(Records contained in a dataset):
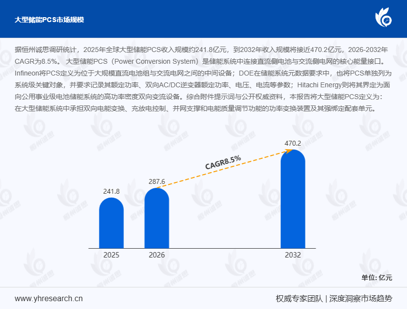据恒州诚思调研统计,2025年全球大型储能PCS市场规模将达241.8亿元,预计到2032年将增长至470.2亿元,2026-2032年复合增长率(CAGR)为8.5%。作为新型电力系统建设的核心装备,大型储能PCS正经历从政策培育期向规模化放量期的关键转型,其技术迭代、市场结构与竞争逻辑均呈现显著变化。
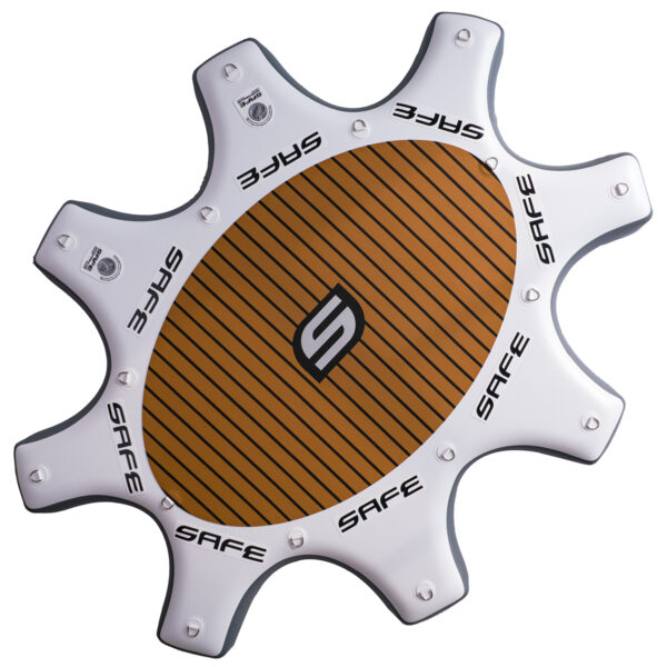 Questa piattaforma consente di agganciare 8 sup, tramite gli occhielli di connessione posizionati lungo tutto il bordo offrendo un ancoraggio sicuro.
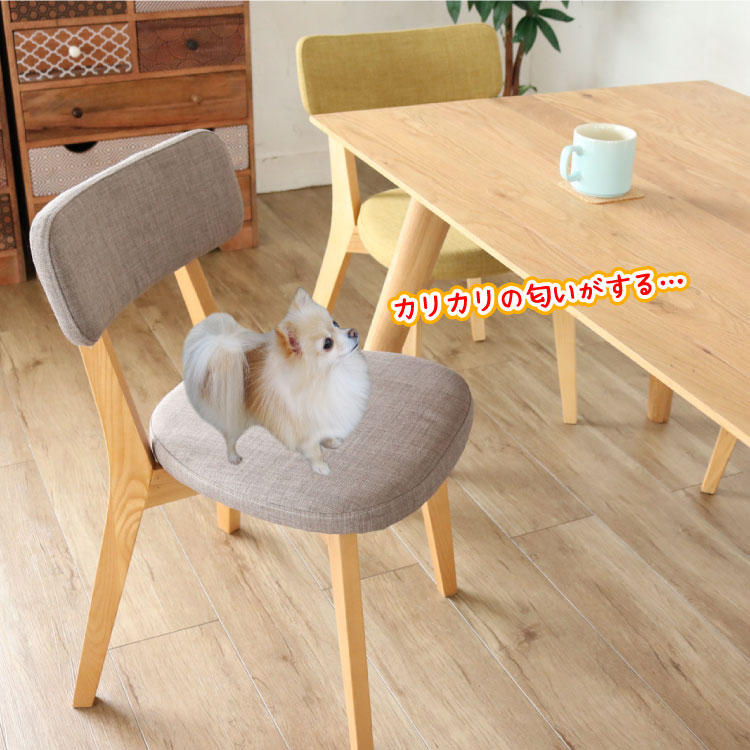 CH-3810 かわいいファブリック製のダイニングチェア|高級素材の天然木タモ製/ナチュラル色
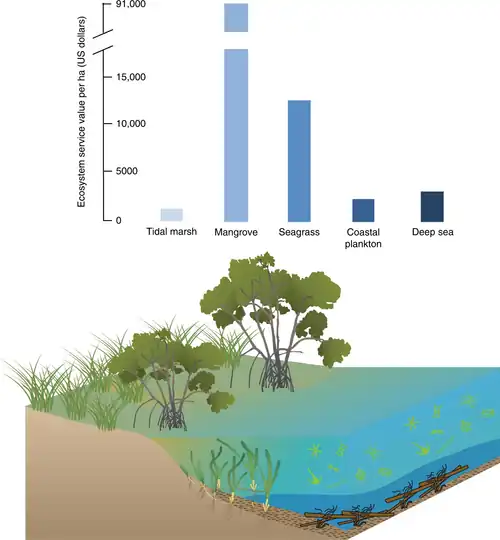 - ^ Huxham, M.; Whitlock, D.; Githaiga, M.; Dencer-Brown, A. (2018). "Carbon in the Coastal Seascape: How Interactions Between Mangrove Forests, Seagrass Meadows and Tidal Marshes Influence Carbon Storage". Current Forestry Reports. 4 (2): 101–110. Bibcode:2018CForR...4..101H. doi:10.1007/s40725-018-0077-4. S2CID 135243725.
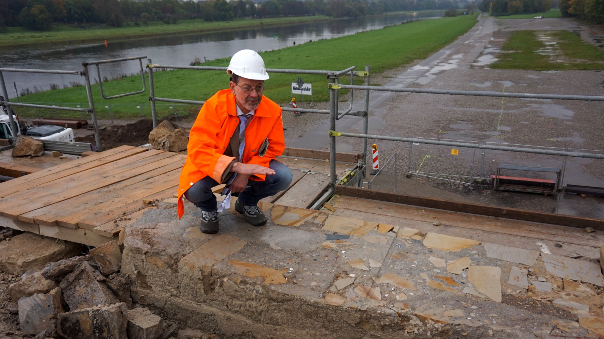 Die Brücke ist nach wie vor für den Kraftfahrzeugverkehr gesperrt. Die „13“ und die „6“ fahren über das provisorische Gleis und Ersatz-Brücke kann von Fußgängern und Radfahrern benutzt. werden.
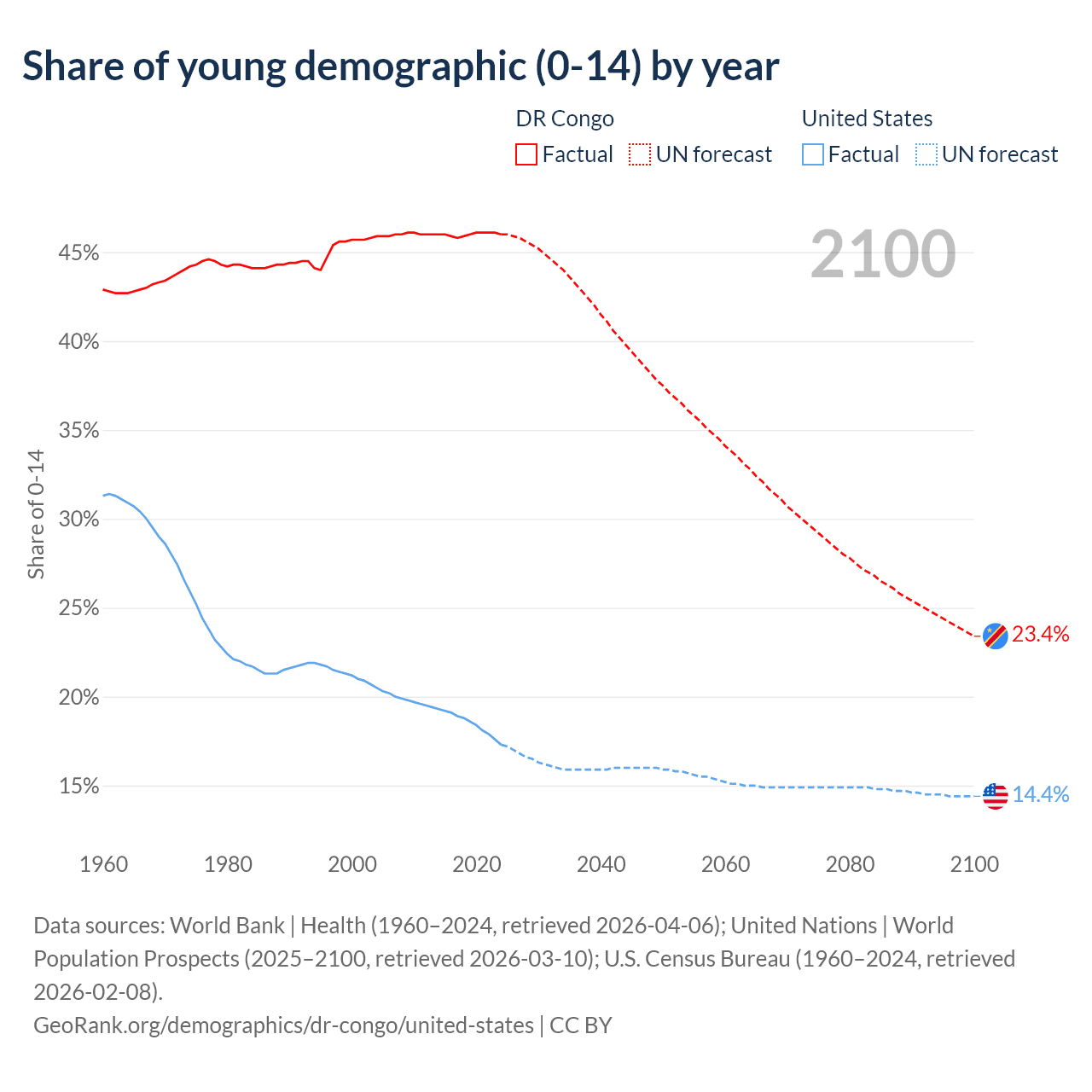 - The share of young demographic (0-15 years old) in the DR Congo is 46% vs 17.3% in the United States.
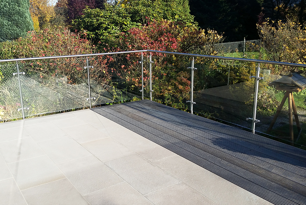 In Essen-Werden realisierte Nappenfeld für eine Terrasse ein schickes 15 m langes Edelstahlgeländer.
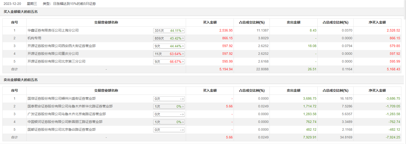 12月20日,新柴股份今日涨停,全天换手率达23.32%,振幅达19.92%。龙虎榜数据显示,营业部席位合计净卖出2755.82万元。其中,机构合计净买入866.15万元。此外,华鑫证券上海分公司、开源证券重庆分公司分别买入2536.95万元、597.92万元;国信证券嵊州兴盛街证券营业部、国泰君安证券乌鲁木齐新华北路证券营业部分别卖出3686.75万元、1714.72万元。
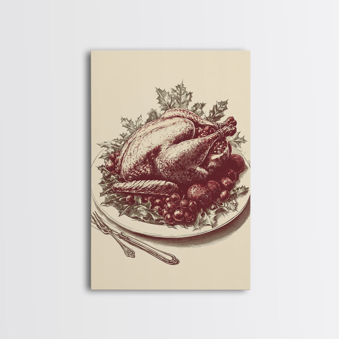 Christmas Turkey Canvas Print - Framed Canvas - Minimalist Christmas Art - Boho Christmas Art - Rustic Christmas Art
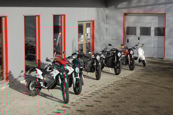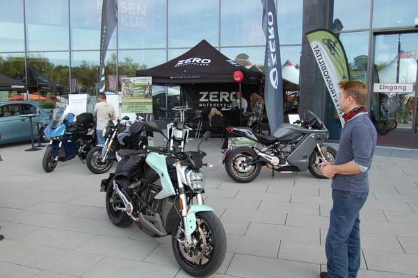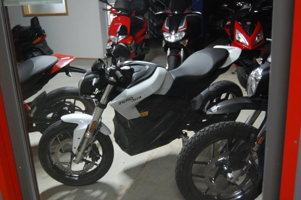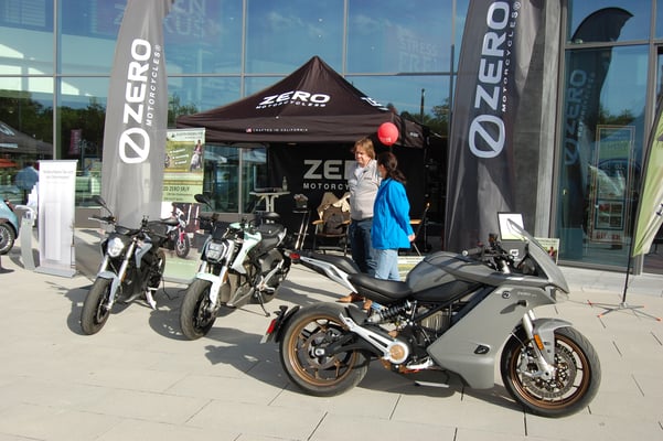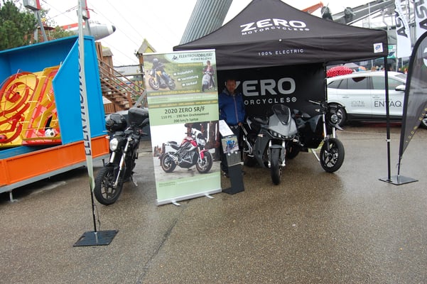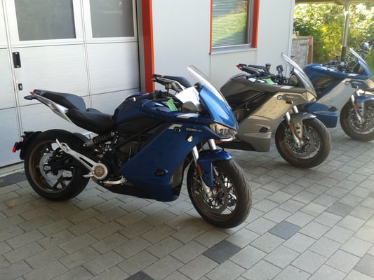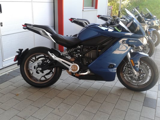 ZEROs SR/S vor unserem Showroom (jetzt Probefahrt vereinbaren) ZERO SR/F steht auch zur Verfügung.
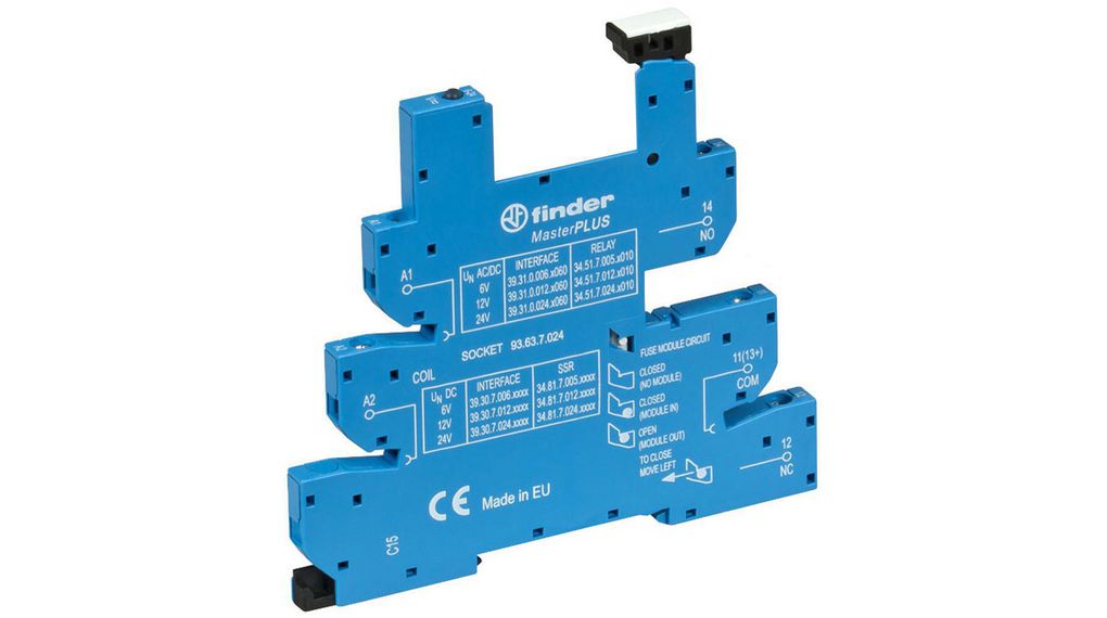 This is 93 6 → 24V DIN Rail Relay Socket for use with 34 Series Relays manufactured by Finder. The manufacturer part number is 93.63.7.024. The product is available in din rail configuration. The product 93, is a highly preferred choice for users. It is a type of screw terminal din/panel mount socket accessory. It carries a 6 → 24v of voltage. The product is highly suitable for 34 series relays.
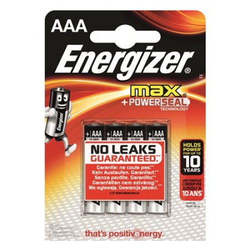 Batérie AAA mikro 4 ks Energizer Max. Batérie s energiou až na 10 rokov. Sú alkalické. Elektrochemický systém Zinc-Manganese Dioxide, Zn/MnO2. Neobsahuje kadmium ani ortuť. IEC referencia IEC-LR6. Menovitý výkon 1.5 voltov. Hmotnosť 23 g. Balenie obsahuje 4 kusy.
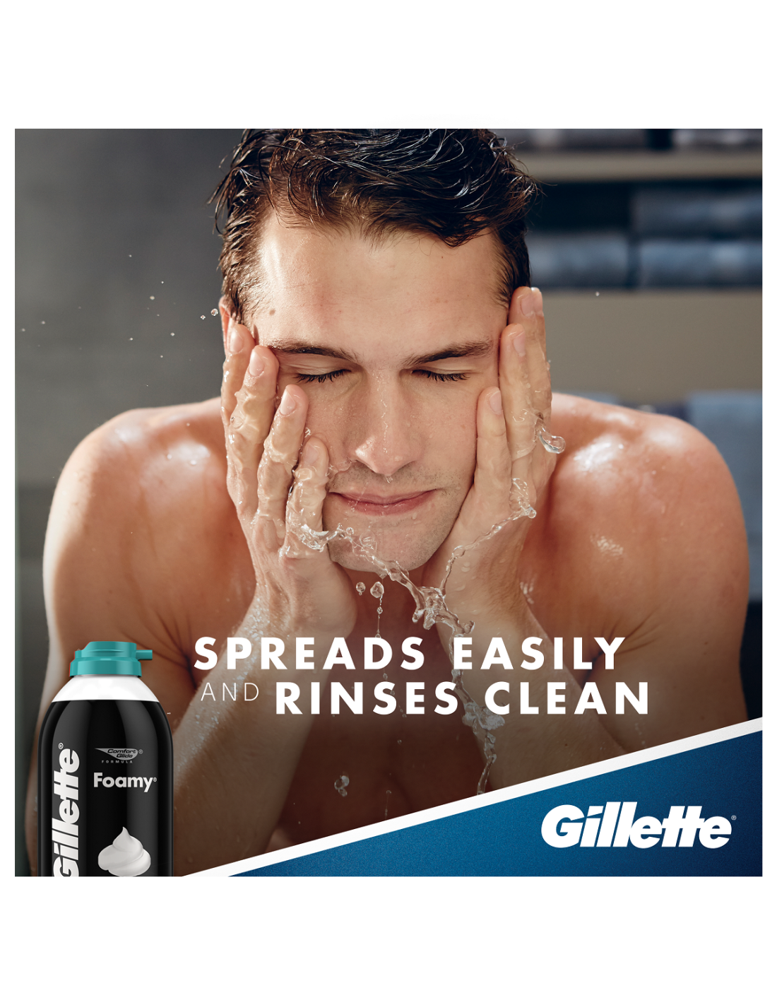 De licht geparfumeerde voor gevoelige huid schuim verspreidt zich gemakkelijk en spoelt schoon voor dat schuimige scheren mannen hebben genoten voor generaties. Met de Gillette Comfort Glidformule.

(YOUR ASSIGNMENT):
The entries above need to be printed again exactly; please exclude all pictures.

(TASK RESPONSE):
据恒州诚思调研统计,2025年全球大型储能PCS市场规模将达241.8亿元,预计到2032年将增长至470.2亿元,2026-2032年复合增长率(CAGR)为8.5%。作为新型电力系统建设的核心装备,大型储能PCS正经历从政策培育期向规模化放量期的关键转型,其技术迭代、市场结构与竞争逻辑均呈现显著变化。
 Questa piattaforma consente di agganciare 8 sup, tramite gli occhielli di connessione posizionati lungo tutto il bordo offrendo un ancoraggio sicuro.
 CH-3810 かわいいファブリック製のダイニングチェア|高級素材の天然木タモ製/ナチュラル色
 - ^ Huxham, M.; Whitlock, D.; Githaiga, M.; Dencer-Brown, A. (2018). "Carbon in the Coastal Seascape: How Interactions Between Mangrove Forests, Seagrass Meadows and Tidal Marshes Influence Carbon Storage". Current Forestry Reports. 4 (2): 101–110. Bibcode:2018CForR...4..101H. doi:10.1007/s40725-018-0077-4. S2CID 135243725.
 Die Brücke ist nach wie vor für den Kraftfahrzeugverkehr gesperrt. Die „13“ und die „6“ fahren über das provisorische Gleis und Ersatz-Brücke kann von Fußgängern und Radfahrern benutzt. werden.
 - The share of young demographic (0-15 years old) in the DR Congo is 46% vs 17.3% in the United States.
 In Essen-Werden realisierte Nappenfeld für eine Terrasse ein schickes 15 m langes Edelstahlgeländer.
 12月20日,新柴股份今日涨停,全天换手率达23.32%,振幅达19.92%。龙虎榜数据显示,营业部席位合计净卖出2755.82万元。其中,机构合计净买入866.15万元。此外,华鑫证券上海分公司、开源证券重庆分公司分别买入2536.95万元、597.92万元;国信证券嵊州兴盛街证券营业部、国泰君安证券乌鲁木齐新华北路证券营业部分别卖出3686.75万元、1714.72万元。
 Christmas Turkey Canvas Print - Framed Canvas - Minimalist Christmas Art - Boho Christmas Art - Rustic Christmas Art
 ZEROs SR/S vor unserem Showroom (jetzt Probefahrt vereinbaren) ZERO SR/F steht auch zur Verfügung.
 This is 93 6 → 24V DIN Rail Relay Socket for use with 34 Series Relays manufactured by Finder. The manufacturer part number is 93.63.7.024. The product is available in din rail configuration. The product 93, is a highly preferred choice for users. It is a type of screw terminal din/panel mount socket accessory. It carries a 6 → 24v of voltage. The product is highly suitable for 34 series relays.
 Batérie AAA mikro 4 ks Energizer Max. Batérie s energiou až na 10 rokov. Sú alkalické. Elektrochemický systém Zinc-Manganese Dioxide, Zn/MnO2. Neobsahuje kadmium ani ortuť. IEC referencia IEC-LR6. Menovitý výkon 1.5 voltov. Hmotnosť 23 g. Balenie obsahuje 4 kusy.
 De licht geparfumeerde voor gevoelige huid schuim verspreidt zich gemakkelijk en spoelt schoon voor dat schuimige scheren mannen hebben genoten voor generaties. Met de Gillette Comfort Glidformule.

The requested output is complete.